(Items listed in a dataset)
--------

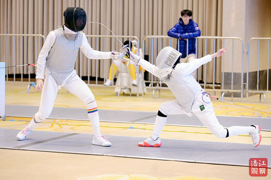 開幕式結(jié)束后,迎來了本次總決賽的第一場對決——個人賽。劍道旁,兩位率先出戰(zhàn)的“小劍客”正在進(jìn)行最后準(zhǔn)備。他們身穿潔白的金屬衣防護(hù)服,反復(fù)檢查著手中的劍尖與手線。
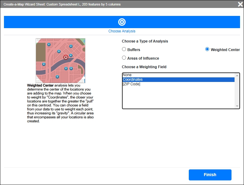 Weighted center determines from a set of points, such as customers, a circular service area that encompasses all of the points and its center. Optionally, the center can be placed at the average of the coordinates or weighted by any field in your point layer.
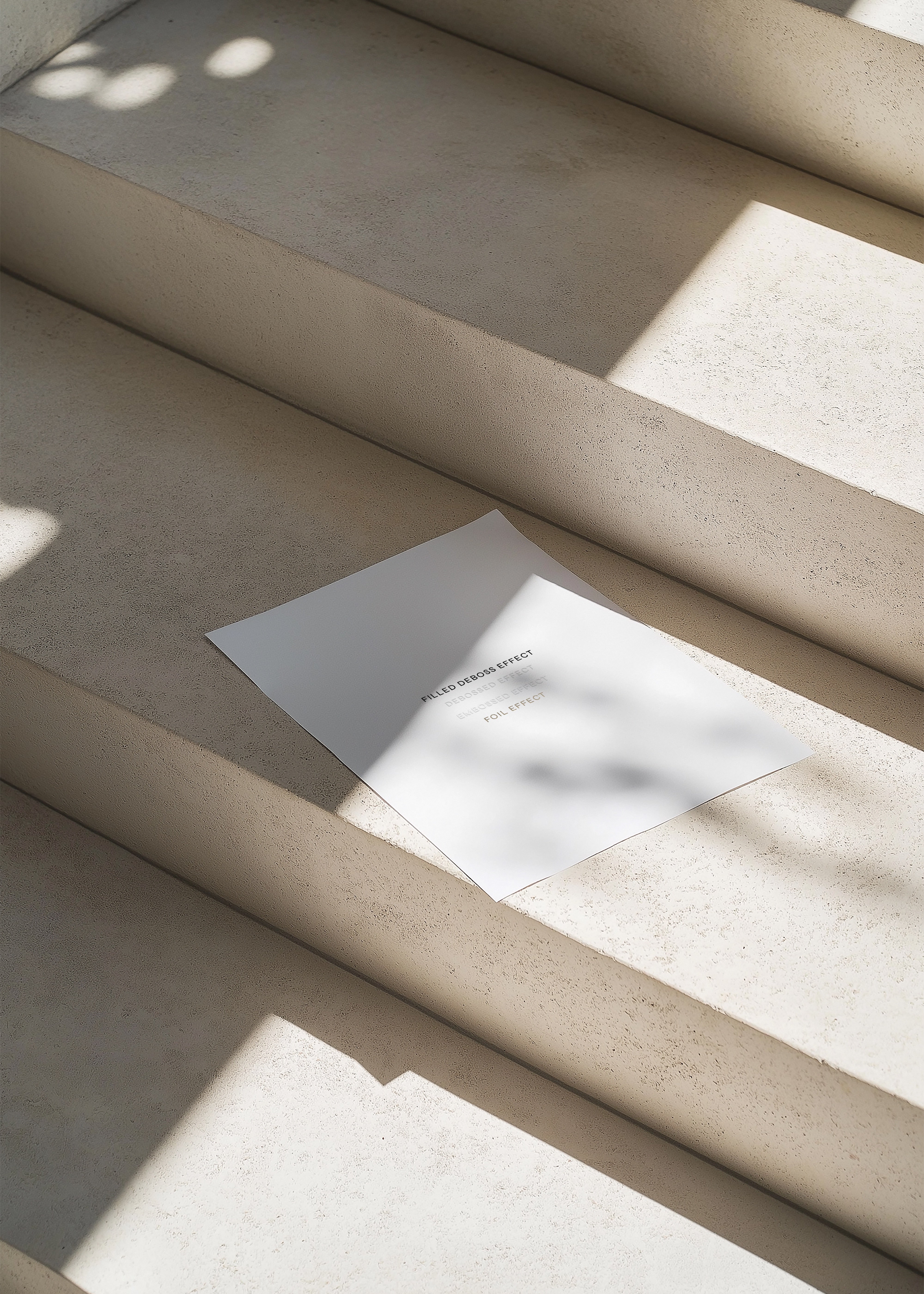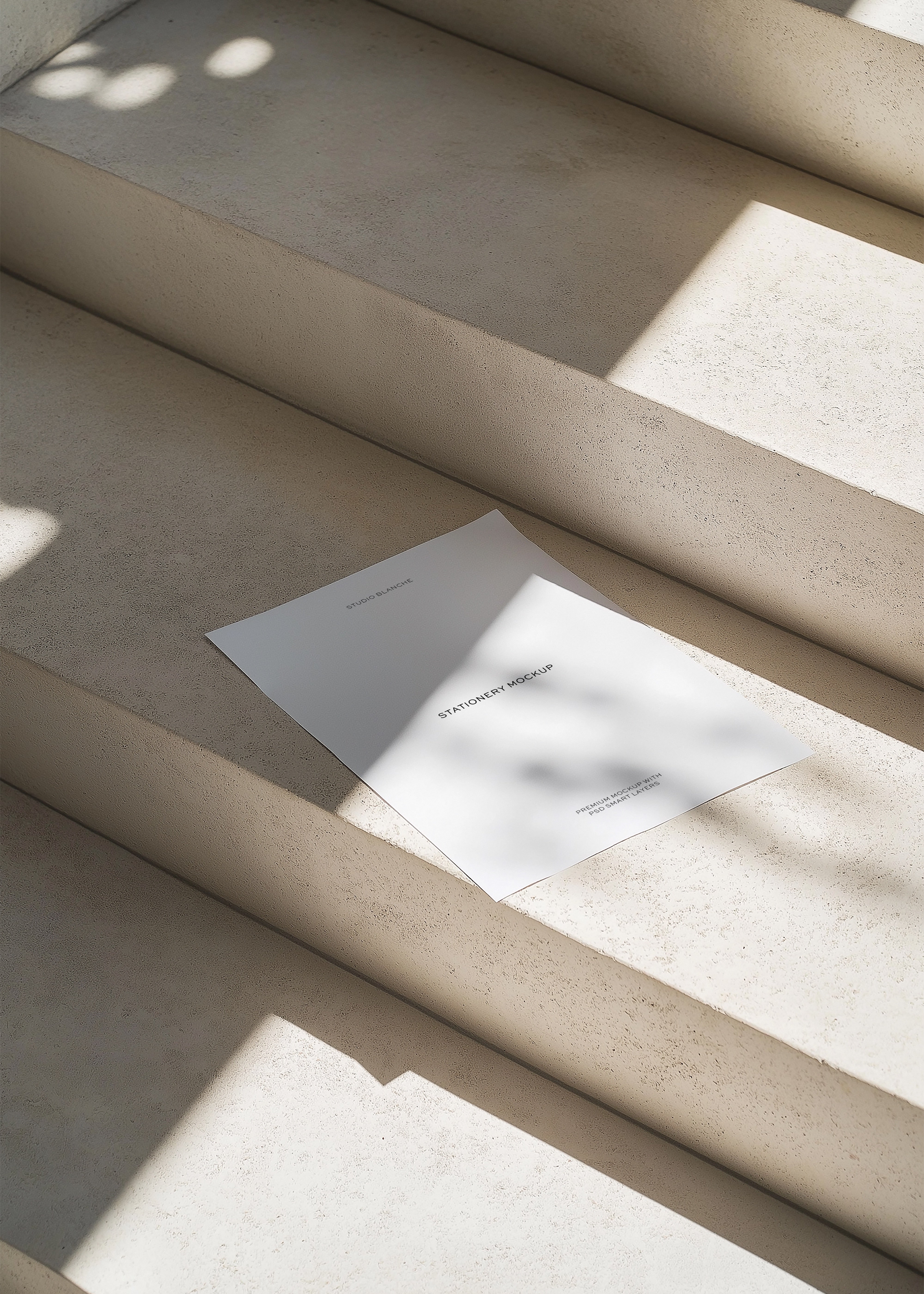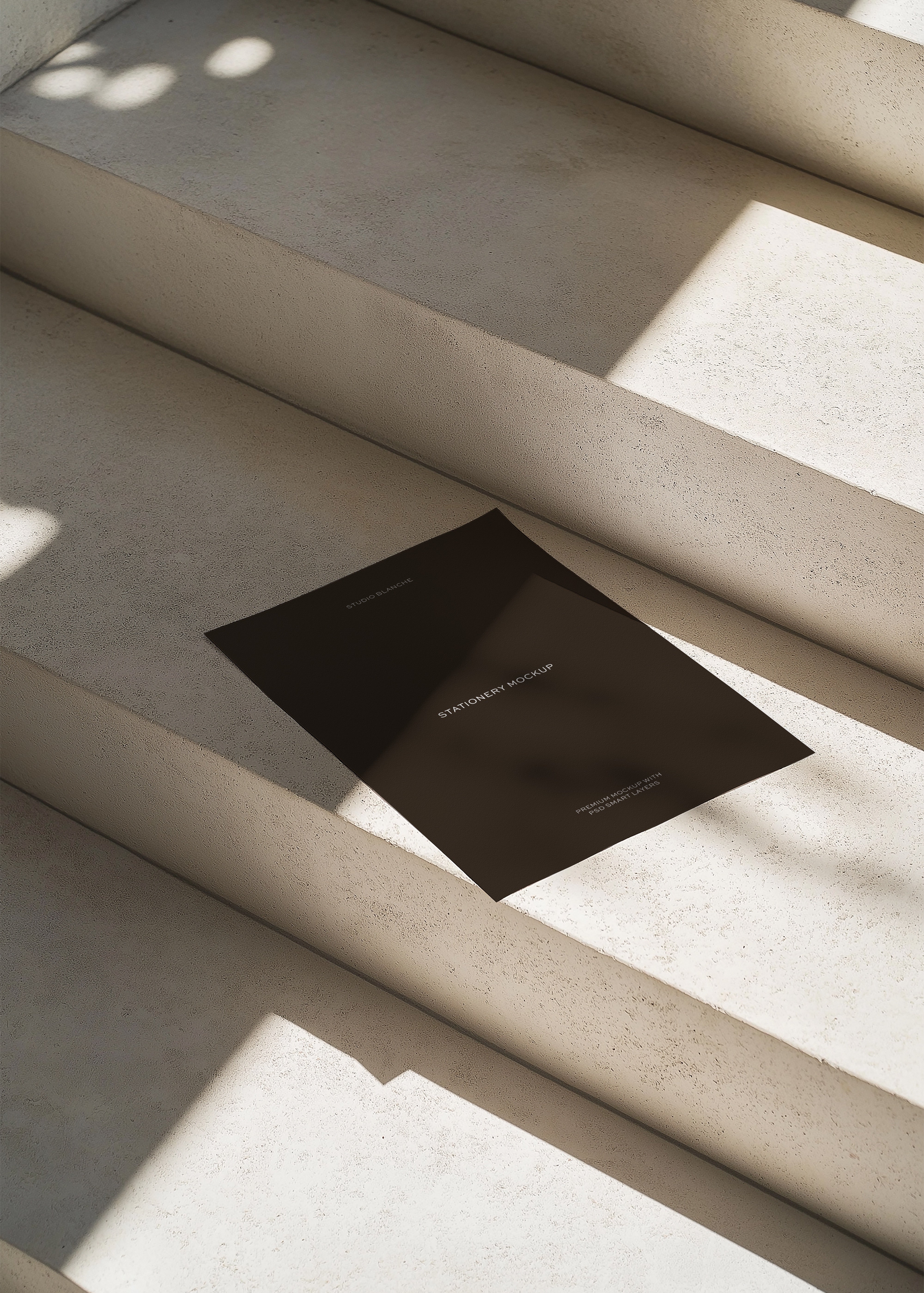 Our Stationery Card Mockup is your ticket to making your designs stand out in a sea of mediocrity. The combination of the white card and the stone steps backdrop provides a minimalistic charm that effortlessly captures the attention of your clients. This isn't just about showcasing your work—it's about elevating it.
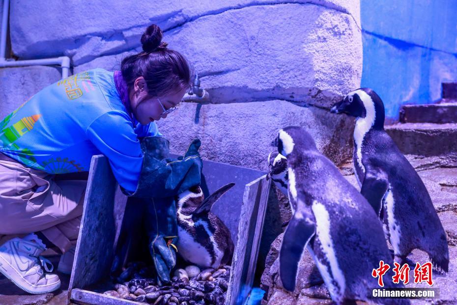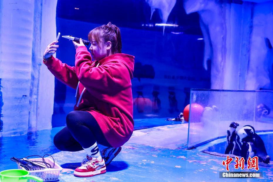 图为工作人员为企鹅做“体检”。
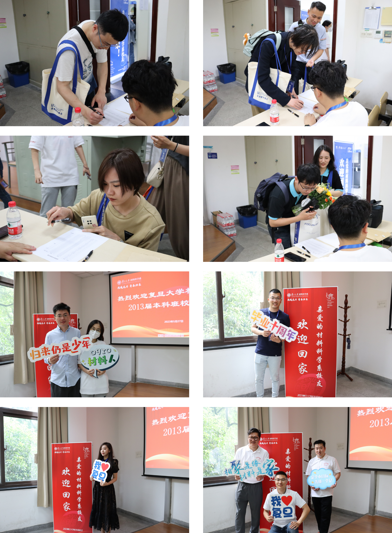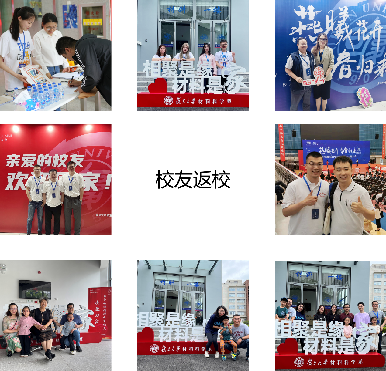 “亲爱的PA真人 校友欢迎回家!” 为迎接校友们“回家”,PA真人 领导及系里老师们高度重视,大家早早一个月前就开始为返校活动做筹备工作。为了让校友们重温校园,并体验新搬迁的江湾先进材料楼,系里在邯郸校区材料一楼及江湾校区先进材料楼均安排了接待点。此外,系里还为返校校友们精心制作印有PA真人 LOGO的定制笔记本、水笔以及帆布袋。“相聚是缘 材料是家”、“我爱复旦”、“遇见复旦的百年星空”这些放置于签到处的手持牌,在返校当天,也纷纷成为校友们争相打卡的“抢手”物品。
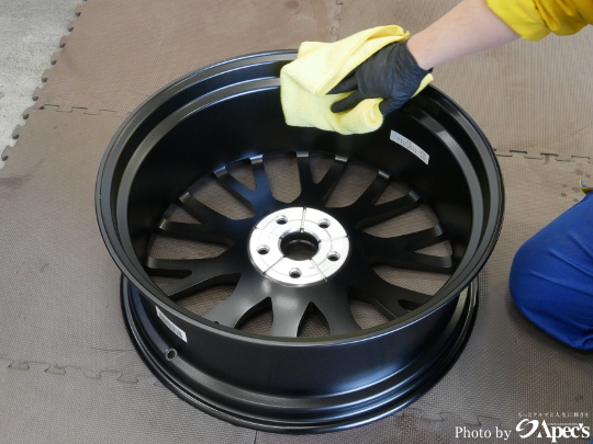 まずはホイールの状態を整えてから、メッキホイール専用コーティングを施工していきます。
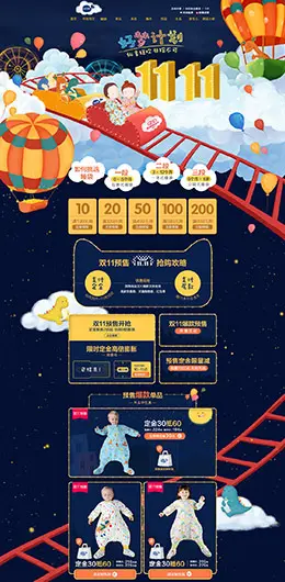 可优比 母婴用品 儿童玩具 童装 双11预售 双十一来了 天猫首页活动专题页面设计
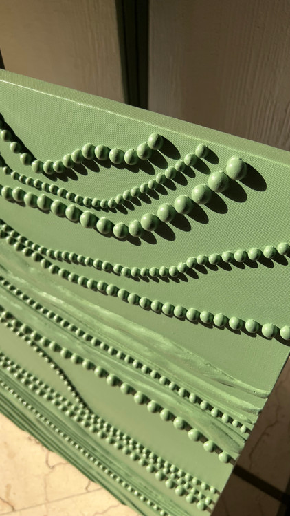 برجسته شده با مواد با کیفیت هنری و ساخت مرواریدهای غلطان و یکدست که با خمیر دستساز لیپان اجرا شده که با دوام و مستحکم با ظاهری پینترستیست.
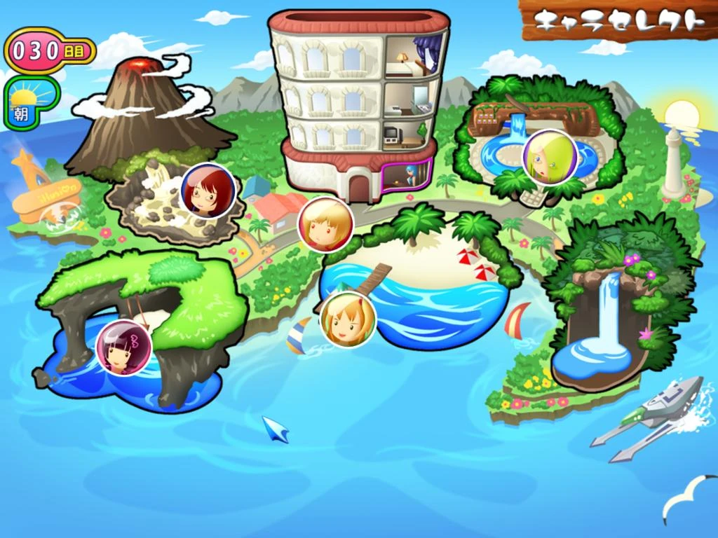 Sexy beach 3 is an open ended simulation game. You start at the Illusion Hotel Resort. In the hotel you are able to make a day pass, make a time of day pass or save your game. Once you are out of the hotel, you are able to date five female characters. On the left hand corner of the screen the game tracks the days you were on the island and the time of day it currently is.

--------

A faithful copy of the entries above is needed, one that contains no images.

■ RESULT OF THE EXERCISE:
 開幕式結(jié)束后,迎來了本次總決賽的第一場對決——個人賽。劍道旁,兩位率先出戰(zhàn)的“小劍客”正在進(jìn)行最后準(zhǔn)備。他們身穿潔白的金屬衣防護(hù)服,反復(fù)檢查著手中的劍尖與手線。
 Weighted center determines from a set of points, such as customers, a circular service area that encompasses all of the points and its center. Optionally, the center can be placed at the average of the coordinates or weighted by any field in your point layer.
 Our Stationery Card Mockup is your ticket to making your designs stand out in a sea of mediocrity. The combination of the white card and the stone steps backdrop provides a minimalistic charm that effortlessly captures the attention of your clients. This isn't just about showcasing your work—it's about elevating it.
 图为工作人员为企鹅做“体检”。
 “亲爱的PA真人 校友欢迎回家!” 为迎接校友们“回家”,PA真人 领导及系里老师们高度重视,大家早早一个月前就开始为返校活动做筹备工作。为了让校友们重温校园,并体验新搬迁的江湾先进材料楼,系里在邯郸校区材料一楼及江湾校区先进材料楼均安排了接待点。此外,系里还为返校校友们精心制作印有PA真人 LOGO的定制笔记本、水笔以及帆布袋。“相聚是缘 材料是家”、“我爱复旦”、“遇见复旦的百年星空”这些放置于签到处的手持牌,在返校当天,也纷纷成为校友们争相打卡的“抢手”物品。
 まずはホイールの状態を整えてから、メッキホイール専用コーティングを施工していきます。
 可优比 母婴用品 儿童玩具 童装 双11预售 双十一来了 天猫首页活动专题页面设计
 برجسته شده با مواد با کیفیت هنری و ساخت مرواریدهای غلطان و یکدست که با خمیر دستساز لیپان اجرا شده که با دوام و مستحکم با ظاهری پینترستیست.
 Sexy beach 3 is an open ended simulation game. You start at the Illusion Hotel Resort. In the hotel you are able to make a day pass, make a time of day pass or save your game. Once you are out of the hotel, you are able to date five female characters. On the left hand corner of the screen the game tracks the days you were on the island and the time of day it currently is.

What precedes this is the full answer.